# Ice Cream Sandwich Source Code Coming Nov. 17?



## Colchiro (Aug 26, 2011)

http://m.androidcent...ource=pulsenews


----------



## Larry94 (Oct 21, 2011)

Colchiro said:


> http://m.androidcent...ource=pulsenews


My face = The OP's avatar.


----------



## Colchiro (Aug 26, 2011)

You're a good lookin' guy.


----------



## Larry94 (Oct 21, 2011)

LOL Thanks, but I was referring to his reaction rather than his features. Hey, mind if I steal your Signature picture? (With credit added of course)


----------



## Redflea (Jun 7, 2011)

Larry94 said:


> My face = The OP's avatar.


Love a good rumor, especially when it's what I want to hear.


----------



## Larry94 (Oct 21, 2011)

Redflea said:


> Love a good rumor, especially when it's what I want to hear.

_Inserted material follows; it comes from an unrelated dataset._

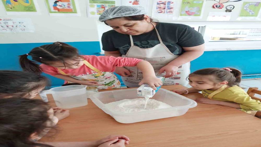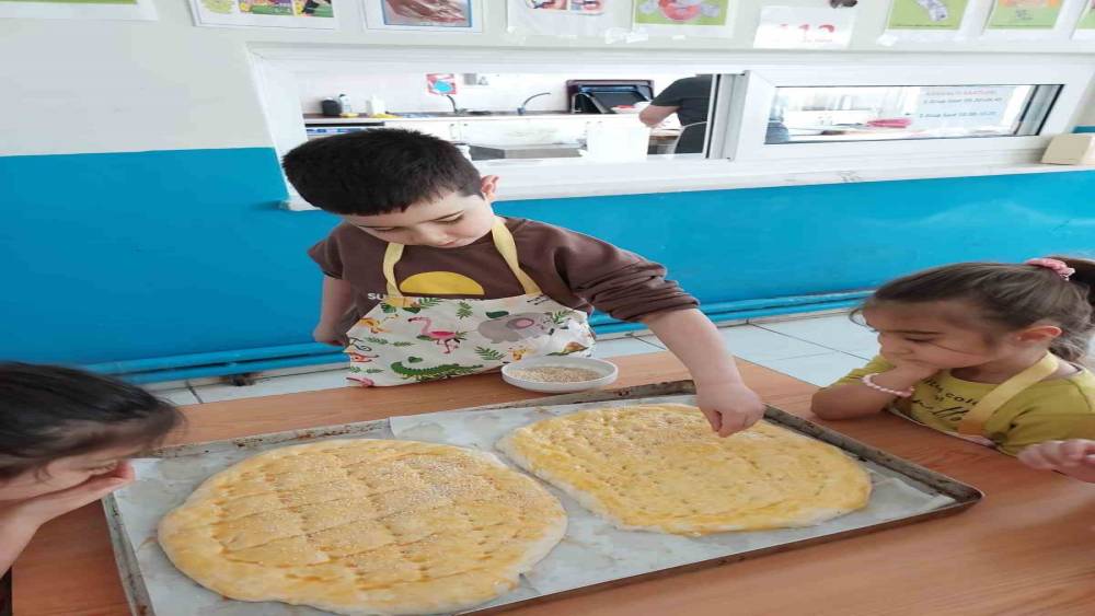 Öğretmenler eşliğinde gerçekleştirilen etkinlikte minik öğrenciler, Ramazan ayının geleneksel lezzetlerinden olan pidenin yapım aşamalarını uygulamalı olarak öğrendi. Hamur yoğurma, şekil verme ve üzerine susam serpmek gibi aşamalara katılan öğrenciler hem eğlendi hem de keyifli vakit geçirdi. Etkinlik kapsamında çocuklara Ramazan ayının paylaşma ve dayanışma ayı olduğu anlatılırken, geleneksel değerlerin küçük yaşta benimsetilmesinin önemine dikkat çekildi. Öğrencilerin büyük bir heyecanla hazırladığı pideler, pişirme aşamasının ardından afiyetle tüketildi.

Especially when this rumor is coming from a reputable CEO too.


----------



## Jotokun (Sep 24, 2011)

Really hoping this is true. Phone apps just aren't putting that gorgeous screen to proper use.



Larry94 said:


> Especially when this rumor is coming from a reputable CEO too.


Doubly so when you consider his track record to these things.


----------



## Colchiro (Aug 26, 2011)

Larry94 said:


> LOL Thanks, but I was referring to his reaction rather than his features. Hey, mind if I steal your Signature picture? (With credit added of course)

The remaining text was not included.